Fosco wishes to thank The BeeMaster again for his recent guest post here at Fosco Lives!, even though it made this blog an (unlikely) stop on the Bush legacy tour. But, after all, when you read that twenty percent of Americans still approve of George W. Bush, don't you ever wonder who those people are and what they're thinking? Well, now we know.

Fosco would like to note that guest posts are always welcome here. On any topic. However, with that being said, I suspect that Fosco Lives! is going to become a little less political for a while (at least until the next Prop 8 flare-up--most likely around June when the California Supreme Court releases its decision). On the one hand, Fosco doesn't want to get complacent now that Obama is in power. On the other hand, there are so many things that Fosco likes more than politics. Many, many things. Not only will this de-emphasis on politics thrill Fosco's boyfriend Oz, it will also allow Fosco to concentrate on some recently-neglected topics (like music and literature). And, to be honest, Fosco is looking forward to feeling a bit less angry on a daily basis... At the very least, this will be good for Fosco's health.

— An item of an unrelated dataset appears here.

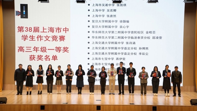 3月21日,由上海市教师教育学院(上海市教育委员会教学研究室)主办、华东师范大学语文教育研究中心承办的第38届上海市中学生作文竞赛颁奖大会在上海中学西区大礼堂举行。
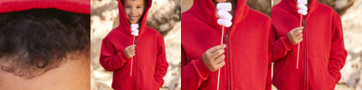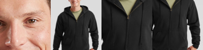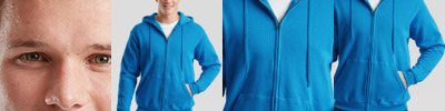 80% cotton/20% polyester. Drop shoulder style.Double fabric hood.Taped neck.Narrow full length covered zip.Front pouch pockets.Cotton/Lycra® ribbed cuffs and hem.Twin needle stitching.Cut out label.

I hope you'll still feel comfortable commenting on The BeeMaster's defense of Bush (especially as more and more of it is proven by history to be untrue). While some of the things that The BeeMaster wrote can be considered legitimate differences in opinion, there are several things that are more problematic. And there is one thing that Fosco just cannot let slide.

The BeeMaster claims that

When water-boarding is brought up, we will see that it was used on only three suspects, one of whom was Khalid Sheikh Mohammed, Al Qaida's chief of operational planning, who divulged vast amounts of information that saved hundreds of innocent lives. Whether this tactic--it creates a drowning sensation--is torture is a matter of debate. John McCain and many Democrats say it is. Bush and Vice President Cheney insist it isn't. In any case, it was necessary.
Fosco may have a bee in his bonnet about torture lately, but there are several things wrong in this statement.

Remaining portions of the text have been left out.